Copy exactly, no pictures: every line from the one that contains "So this is a" through the end of the entries below.

-- Dataset records follows --

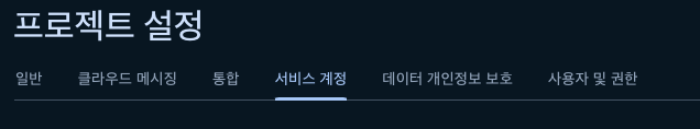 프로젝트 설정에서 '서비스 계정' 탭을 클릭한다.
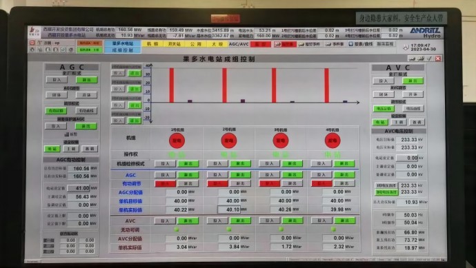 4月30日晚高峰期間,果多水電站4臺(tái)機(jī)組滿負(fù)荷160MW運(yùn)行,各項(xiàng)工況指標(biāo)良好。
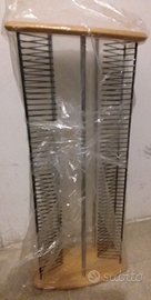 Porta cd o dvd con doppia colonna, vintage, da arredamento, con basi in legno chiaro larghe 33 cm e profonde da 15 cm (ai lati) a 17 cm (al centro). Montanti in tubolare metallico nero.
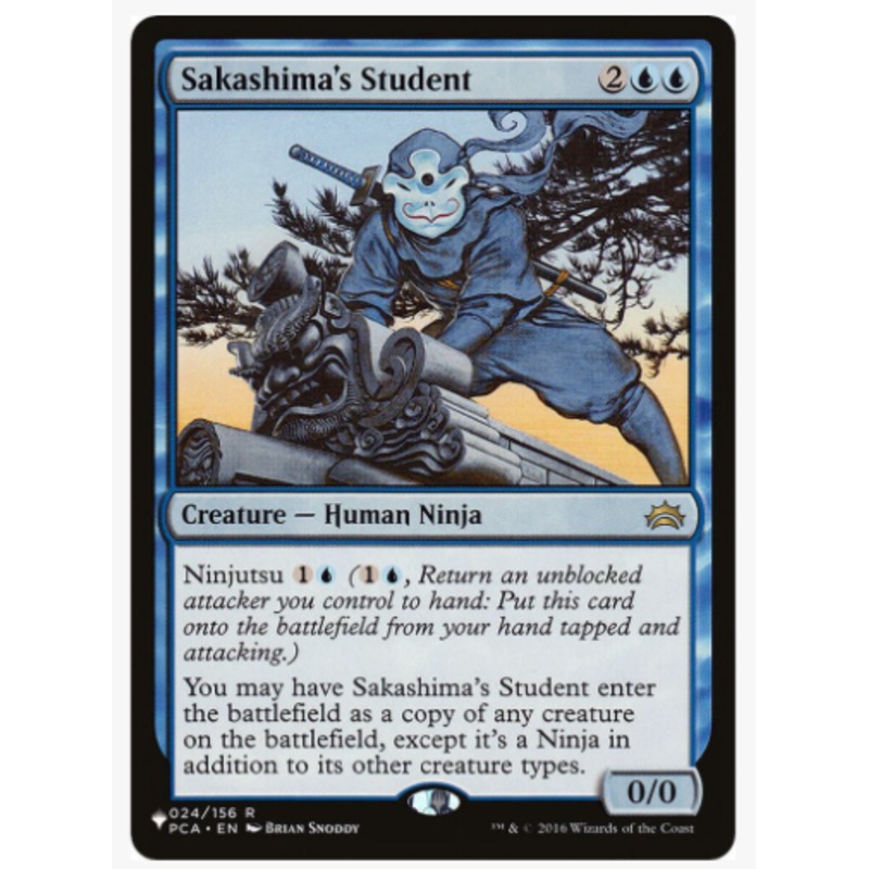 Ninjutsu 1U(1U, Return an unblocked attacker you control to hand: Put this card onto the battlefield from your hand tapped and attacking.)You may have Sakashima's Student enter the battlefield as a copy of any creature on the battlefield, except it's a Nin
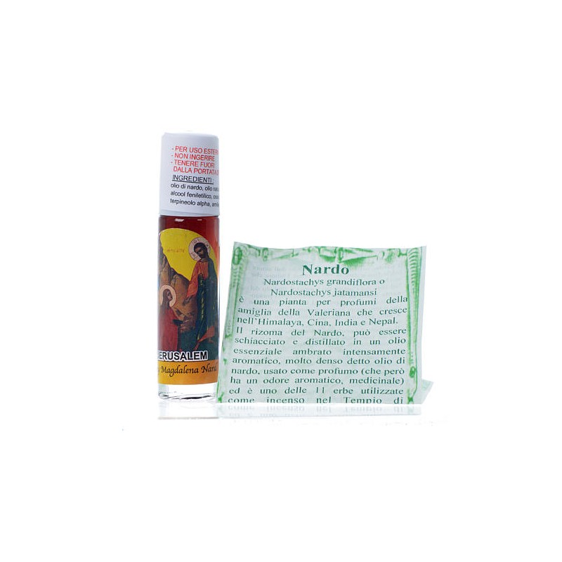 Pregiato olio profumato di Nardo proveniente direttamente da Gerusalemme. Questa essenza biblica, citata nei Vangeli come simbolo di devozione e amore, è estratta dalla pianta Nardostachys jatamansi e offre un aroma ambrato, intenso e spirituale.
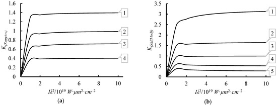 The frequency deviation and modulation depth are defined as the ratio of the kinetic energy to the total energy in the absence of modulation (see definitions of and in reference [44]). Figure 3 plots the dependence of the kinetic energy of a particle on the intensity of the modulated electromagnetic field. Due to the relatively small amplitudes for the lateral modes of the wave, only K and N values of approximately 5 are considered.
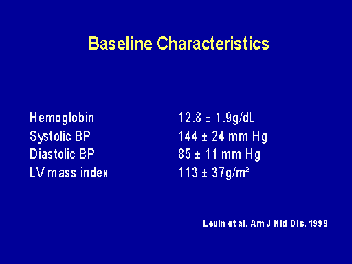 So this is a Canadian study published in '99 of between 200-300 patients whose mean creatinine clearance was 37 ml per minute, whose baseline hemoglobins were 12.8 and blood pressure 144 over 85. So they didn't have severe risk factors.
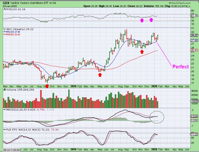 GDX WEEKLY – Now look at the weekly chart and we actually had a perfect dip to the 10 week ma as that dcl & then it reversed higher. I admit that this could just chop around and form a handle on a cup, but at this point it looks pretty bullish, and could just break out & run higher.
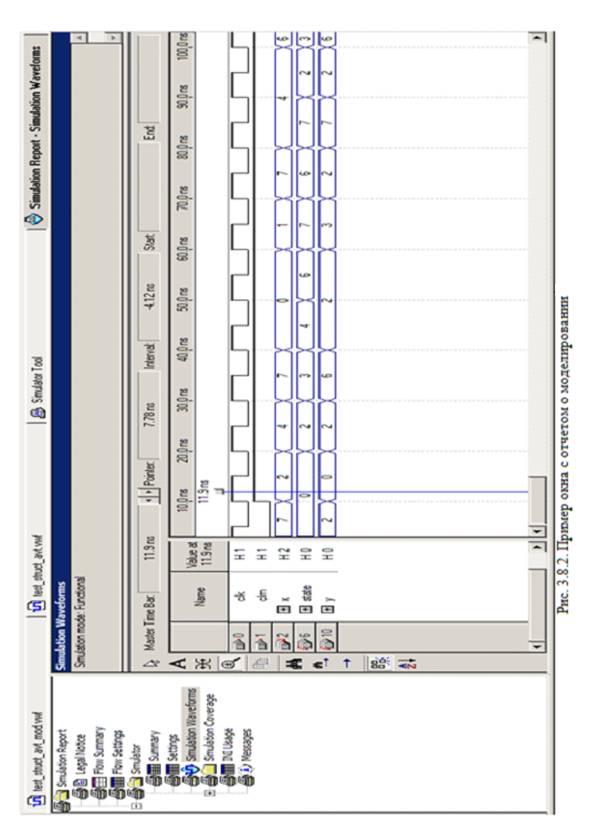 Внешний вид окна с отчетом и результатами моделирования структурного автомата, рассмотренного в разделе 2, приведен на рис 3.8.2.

-- Dataset records concluded --

Answer area
 So this is a Canadian study published in '99 of between 200-300 patients whose mean creatinine clearance was 37 ml per minute, whose baseline hemoglobins were 12.8 and blood pressure 144 over 85. So they didn't have severe risk factors.
 GDX WEEKLY – Now look at the weekly chart and we actually had a perfect dip to the 10 week ma as that dcl & then it reversed higher. I admit that this could just chop around and form a handle on a cup, but at this point it looks pretty bullish, and could just break out & run higher.
 Внешний вид окна с отчетом и результатами моделирования структурного автомата, рассмотренного в разделе 2, приведен на рис 3.8.2.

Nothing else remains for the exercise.